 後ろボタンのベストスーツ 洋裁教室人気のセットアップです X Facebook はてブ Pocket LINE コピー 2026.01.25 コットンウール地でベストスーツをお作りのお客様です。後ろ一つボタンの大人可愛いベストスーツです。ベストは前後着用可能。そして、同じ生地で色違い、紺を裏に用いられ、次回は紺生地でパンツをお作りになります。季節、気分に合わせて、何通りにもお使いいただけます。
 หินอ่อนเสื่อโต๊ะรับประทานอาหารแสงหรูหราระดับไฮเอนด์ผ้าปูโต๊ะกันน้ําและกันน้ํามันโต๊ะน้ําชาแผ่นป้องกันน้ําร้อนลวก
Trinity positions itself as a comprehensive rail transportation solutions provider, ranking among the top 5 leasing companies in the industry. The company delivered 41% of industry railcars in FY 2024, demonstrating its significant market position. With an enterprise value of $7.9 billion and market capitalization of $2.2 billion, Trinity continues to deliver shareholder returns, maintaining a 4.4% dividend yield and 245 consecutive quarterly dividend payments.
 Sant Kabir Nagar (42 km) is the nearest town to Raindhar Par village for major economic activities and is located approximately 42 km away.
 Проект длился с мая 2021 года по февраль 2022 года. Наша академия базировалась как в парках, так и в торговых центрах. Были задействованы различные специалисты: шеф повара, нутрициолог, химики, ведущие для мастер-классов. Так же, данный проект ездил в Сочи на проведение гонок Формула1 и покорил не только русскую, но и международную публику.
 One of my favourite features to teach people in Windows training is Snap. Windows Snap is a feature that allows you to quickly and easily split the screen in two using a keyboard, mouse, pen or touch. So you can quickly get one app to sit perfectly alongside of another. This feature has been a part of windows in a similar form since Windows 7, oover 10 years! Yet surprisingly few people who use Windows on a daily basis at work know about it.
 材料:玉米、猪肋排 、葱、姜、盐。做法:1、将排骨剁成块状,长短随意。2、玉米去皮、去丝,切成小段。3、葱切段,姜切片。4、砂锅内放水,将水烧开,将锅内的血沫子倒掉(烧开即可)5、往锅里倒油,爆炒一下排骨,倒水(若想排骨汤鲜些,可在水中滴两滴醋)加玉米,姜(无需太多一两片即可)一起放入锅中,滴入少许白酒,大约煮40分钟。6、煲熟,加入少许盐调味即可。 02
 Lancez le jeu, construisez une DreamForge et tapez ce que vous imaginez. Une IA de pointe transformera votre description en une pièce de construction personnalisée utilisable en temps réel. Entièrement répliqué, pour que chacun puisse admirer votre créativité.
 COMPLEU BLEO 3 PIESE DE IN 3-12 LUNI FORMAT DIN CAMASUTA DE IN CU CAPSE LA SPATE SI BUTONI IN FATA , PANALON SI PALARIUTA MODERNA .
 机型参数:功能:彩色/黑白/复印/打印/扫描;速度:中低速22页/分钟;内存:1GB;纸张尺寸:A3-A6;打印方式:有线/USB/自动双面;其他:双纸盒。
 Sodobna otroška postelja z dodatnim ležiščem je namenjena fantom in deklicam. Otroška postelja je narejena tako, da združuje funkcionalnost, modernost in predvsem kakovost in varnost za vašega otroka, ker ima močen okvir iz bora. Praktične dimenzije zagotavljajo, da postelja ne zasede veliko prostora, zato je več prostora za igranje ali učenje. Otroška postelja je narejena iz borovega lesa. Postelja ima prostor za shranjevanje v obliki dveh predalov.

-.-.-

Problem to work on: The data above should be returned in full, exactly as written.

Output:
 後ろボタンのベストスーツ 洋裁教室人気のセットアップです X Facebook はてブ Pocket LINE コピー 2026.01.25 コットンウール地でベストスーツをお作りのお客様です。後ろ一つボタンの大人可愛いベストスーツです。ベストは前後着用可能。そして、同じ生地で色違い、紺を裏に用いられ、次回は紺生地でパンツをお作りになります。季節、気分に合わせて、何通りにもお使いいただけます。
 หินอ่อนเสื่อโต๊ะรับประทานอาหารแสงหรูหราระดับไฮเอนด์ผ้าปูโต๊ะกันน้ําและกันน้ํามันโต๊ะน้ําชาแผ่นป้องกันน้ําร้อนลวก
Trinity positions itself as a comprehensive rail transportation solutions provider, ranking among the top 5 leasing companies in the industry. The company delivered 41% of industry railcars in FY 2024, demonstrating its significant market position. With an enterprise value of $7.9 billion and market capitalization of $2.2 billion, Trinity continues to deliver shareholder returns, maintaining a 4.4% dividend yield and 245 consecutive quarterly dividend payments.
 Sant Kabir Nagar (42 km) is the nearest town to Raindhar Par village for major economic activities and is located approximately 42 km away.
 Проект длился с мая 2021 года по февраль 2022 года. Наша академия базировалась как в парках, так и в торговых центрах. Были задействованы различные специалисты: шеф повара, нутрициолог, химики, ведущие для мастер-классов. Так же, данный проект ездил в Сочи на проведение гонок Формула1 и покорил не только русскую, но и международную публику.
 One of my favourite features to teach people in Windows training is Snap. Windows Snap is a feature that allows you to quickly and easily split the screen in two using a keyboard, mouse, pen or touch. So you can quickly get one app to sit perfectly alongside of another. This feature has been a part of windows in a similar form since Windows 7, oover 10 years! Yet surprisingly few people who use Windows on a daily basis at work know about it.
 材料:玉米、猪肋排 、葱、姜、盐。做法:1、将排骨剁成块状,长短随意。2、玉米去皮、去丝,切成小段。3、葱切段,姜切片。4、砂锅内放水,将水烧开,将锅内的血沫子倒掉(烧开即可)5、往锅里倒油,爆炒一下排骨,倒水(若想排骨汤鲜些,可在水中滴两滴醋)加玉米,姜(无需太多一两片即可)一起放入锅中,滴入少许白酒,大约煮40分钟。6、煲熟,加入少许盐调味即可。 02
 Lancez le jeu, construisez une DreamForge et tapez ce que vous imaginez. Une IA de pointe transformera votre description en une pièce de construction personnalisée utilisable en temps réel. Entièrement répliqué, pour que chacun puisse admirer votre créativité.
 COMPLEU BLEO 3 PIESE DE IN 3-12 LUNI FORMAT DIN CAMASUTA DE IN CU CAPSE LA SPATE SI BUTONI IN FATA , PANALON SI PALARIUTA MODERNA .
 机型参数:功能:彩色/黑白/复印/打印/扫描;速度:中低速22页/分钟;内存:1GB;纸张尺寸:A3-A6;打印方式:有线/USB/自动双面;其他:双纸盒。
 Sodobna otroška postelja z dodatnim ležiščem je namenjena fantom in deklicam. Otroška postelja je narejena tako, da združuje funkcionalnost, modernost in predvsem kakovost in varnost za vašega otroka, ker ima močen okvir iz bora. Praktične dimenzije zagotavljajo, da postelja ne zasede veliko prostora, zato je več prostora za igranje ali učenje. Otroška postelja je narejena iz borovega lesa. Postelja ima prostor za shranjevanje v obliki dveh predalov.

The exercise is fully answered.